### [Your instructions]
From the data underneath, reproduce exactly the stretch that begins at the line with "Oldsmar Florida Horse" and ends after the line with "This collectible Disney".

### [Records provided]

_____

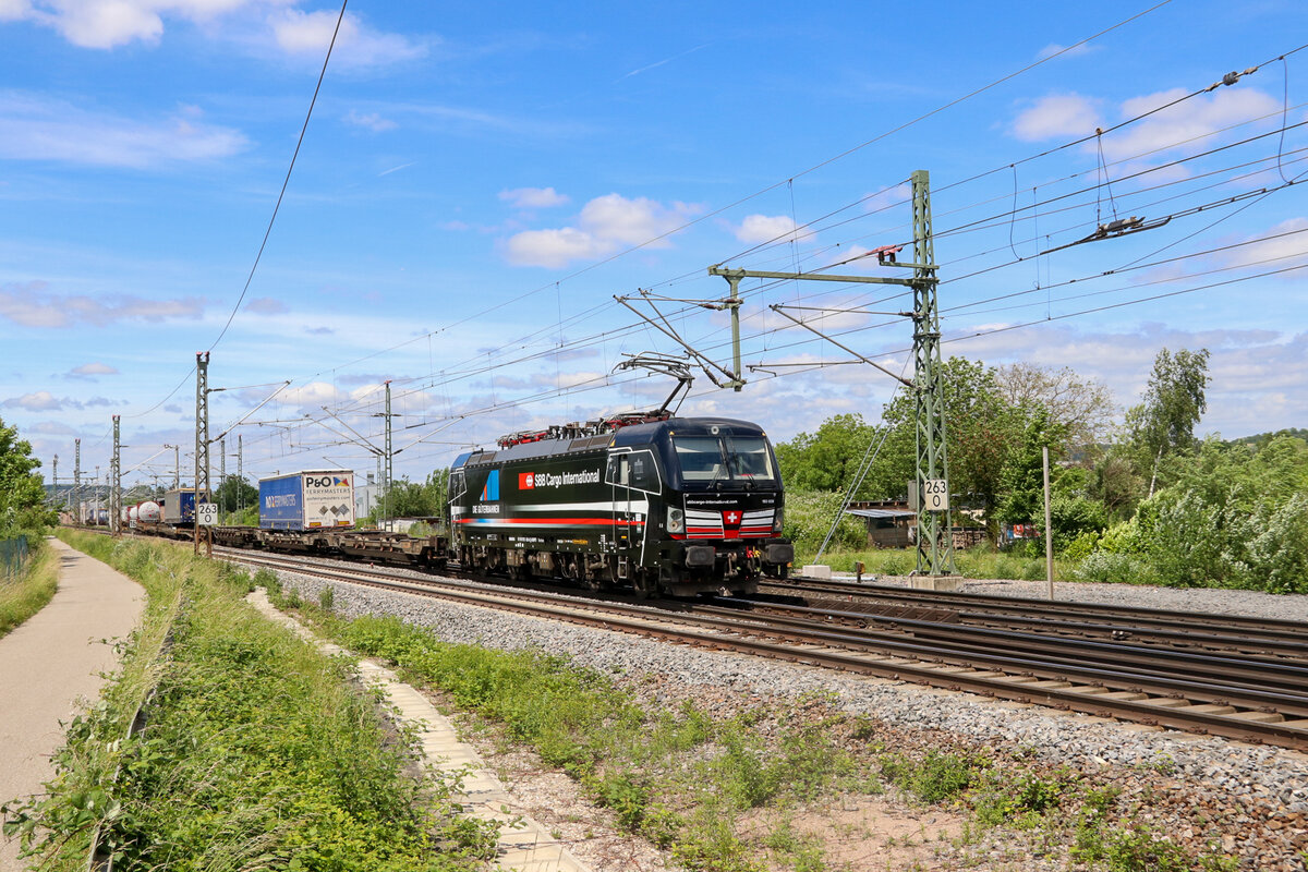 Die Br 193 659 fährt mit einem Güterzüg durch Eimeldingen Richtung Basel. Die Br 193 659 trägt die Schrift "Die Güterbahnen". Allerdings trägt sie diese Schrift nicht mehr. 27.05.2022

_____

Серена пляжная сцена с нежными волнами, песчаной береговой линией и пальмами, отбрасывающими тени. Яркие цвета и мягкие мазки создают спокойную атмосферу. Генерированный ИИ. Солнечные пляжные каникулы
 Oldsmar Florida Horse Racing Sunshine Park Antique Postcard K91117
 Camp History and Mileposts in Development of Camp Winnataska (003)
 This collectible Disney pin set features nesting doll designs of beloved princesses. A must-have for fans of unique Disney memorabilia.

_____

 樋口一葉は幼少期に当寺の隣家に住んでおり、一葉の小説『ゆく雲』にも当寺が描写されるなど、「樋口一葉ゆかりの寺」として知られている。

_____

### [Answer]
 Oldsmar Florida Horse Racing Sunshine Park Antique Postcard K91117
 Camp History and Mileposts in Development of Camp Winnataska (003)
 This collectible Disney pin set features nesting doll designs of beloved princesses. A must-have for fans of unique Disney memorabilia.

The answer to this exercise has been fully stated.